Once Xiang Yu's forces had fully entered the canyon, Han Xin deployed his troops in the “ambush from ten sides” and destroyed the army. Xiang Yu and his remaining forces fought on until nightfall, finally rescuing Lady Yu. In the darkness then, Liu Bang and Han Xin ordered their men and the captured enemy soldiers to sing the native songs of Chu. These songs reminded the remaining Chu forces of their homes and their families and further demoralized the army. Men began deserting in the darkness and headed for their homes.
Xiang Yu rose to stop the deserters by force but, at the request of Lady Yu, relented and those who wished to were allowed to leave.

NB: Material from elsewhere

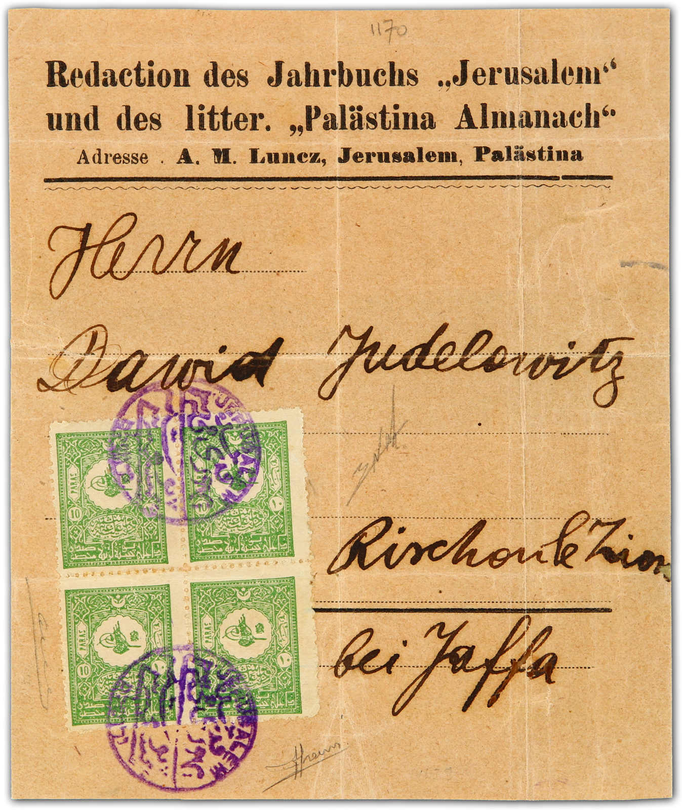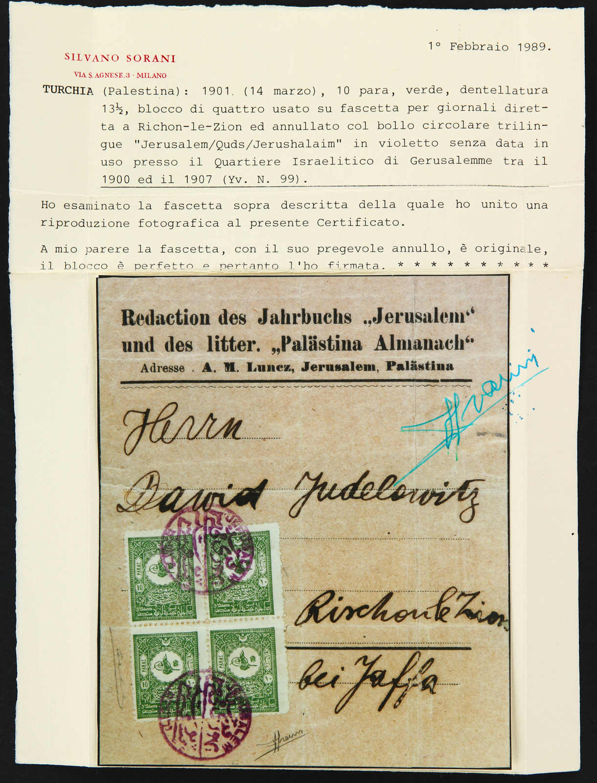 1901, newspaper wrapper bearing block of four 1901 internal postage stamp tied by trilingual Jerusalem Jewish Quarter blue postmark sent to Jewish colony Richon-le-Zion, cert. Sorani, signed Nakri (Image) (imagea)

He then sat drinking with Lady Yu and is said to have composed the lament The Song of Gaixia (which is still sung today). Listening to the songs of his native land sung by the enemy throughout the night, Xiang Yu believed that Western Chu must have fallen to the Han and his cause was lost. With Lady Yu, he sang his lament and, according to the historian Sima Qian (145-86 BCE), alternated verses with her which is how the song is often sung in the modern day.
Lady Yu performed the sword dance as she sang her verses and then, blaming herself for the Chu defeat, and wishing to save Xiang Yu from further disaster through his love for her, she killed herself with his sword. Though surrounded by enemy forces, with his troops steadily deserting him, Xiang Yu ignored the pleas of his counselors to move on and buried Lady Yu, erecting a large mound over her grave to prevent desecration.

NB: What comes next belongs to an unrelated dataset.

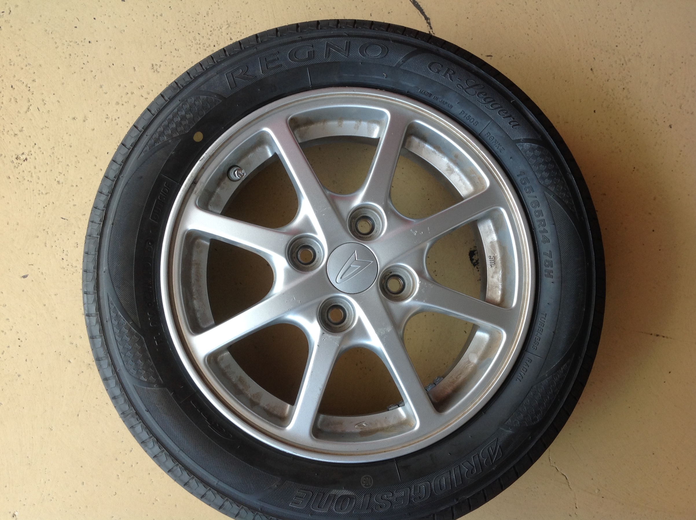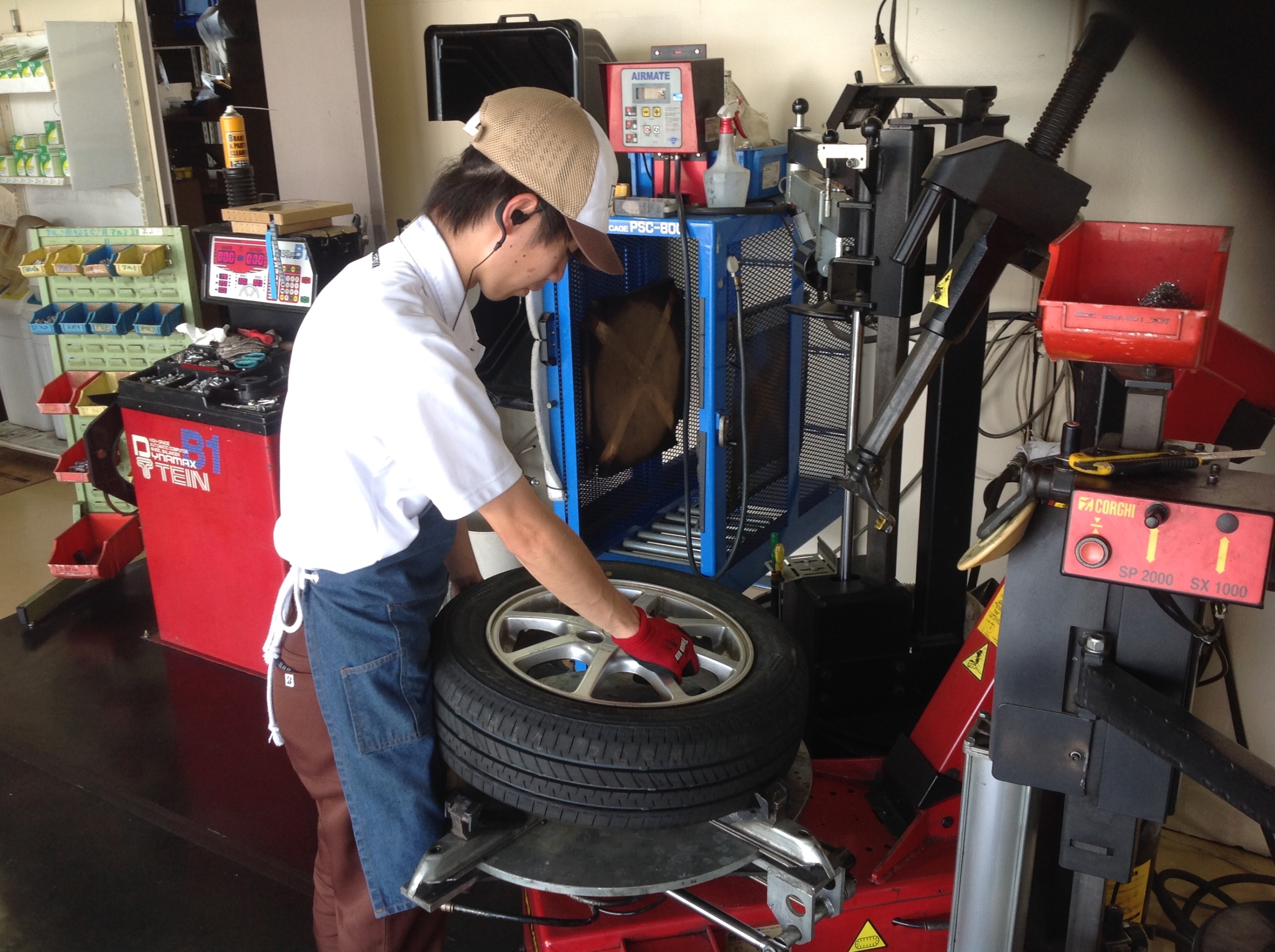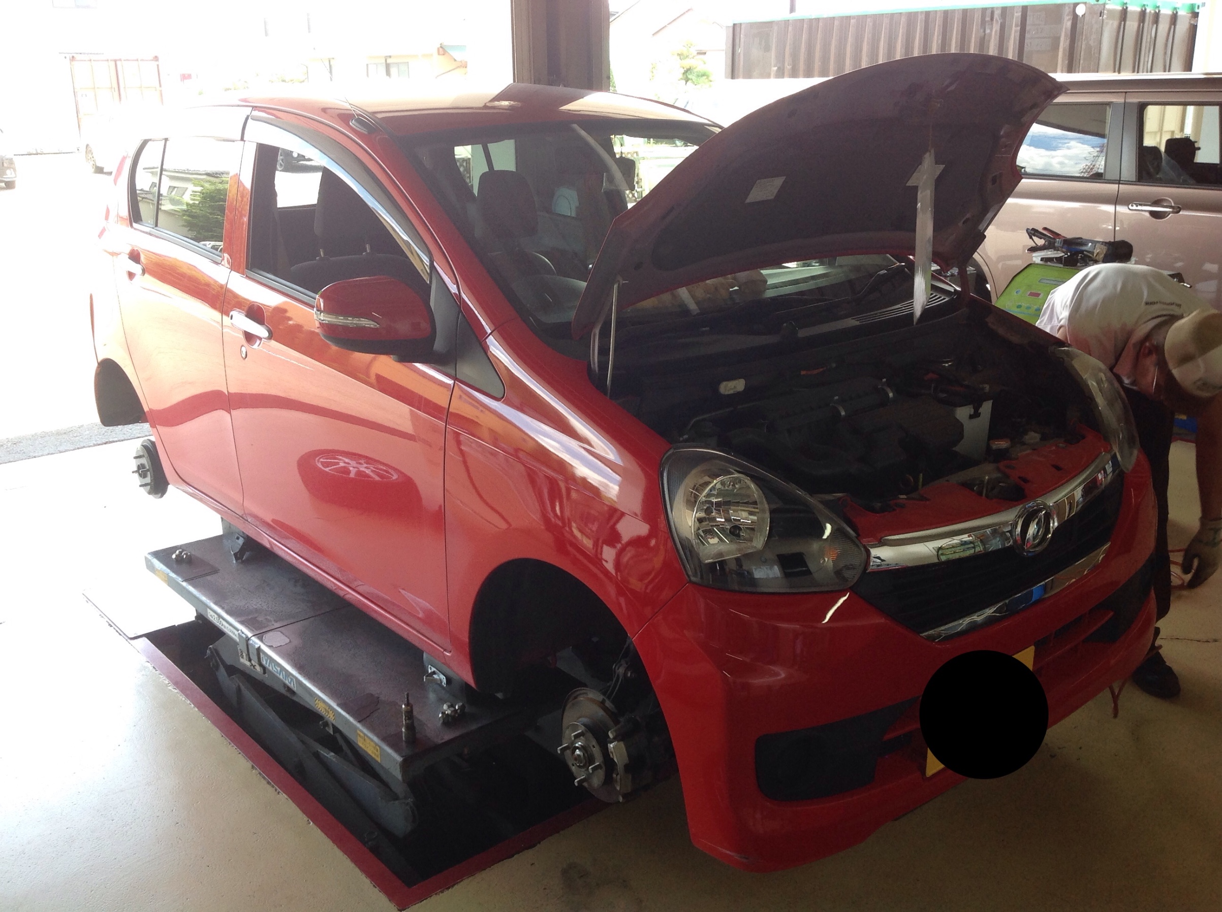 ご予約いただきましたミライース新品タイヤ、アライメントをやらせていただきます。

By morning, Xiang Yu had fewer than 800 men under his command but, with these smaller numbers, he was able to maneuver more easily and fought his way back out of the canyon of Gaixia. He headed directly for Pengcheng, the Han forces following quickly at his heels, and reached the Wu River where they caught up with him. A fierce battle ensued in which most of the Chu forces were slaughtered. Xiang Yu fought to the end and, when he understood he would soon be captured, committed suicide by slitting his own throat with his sword. He was 30 years old.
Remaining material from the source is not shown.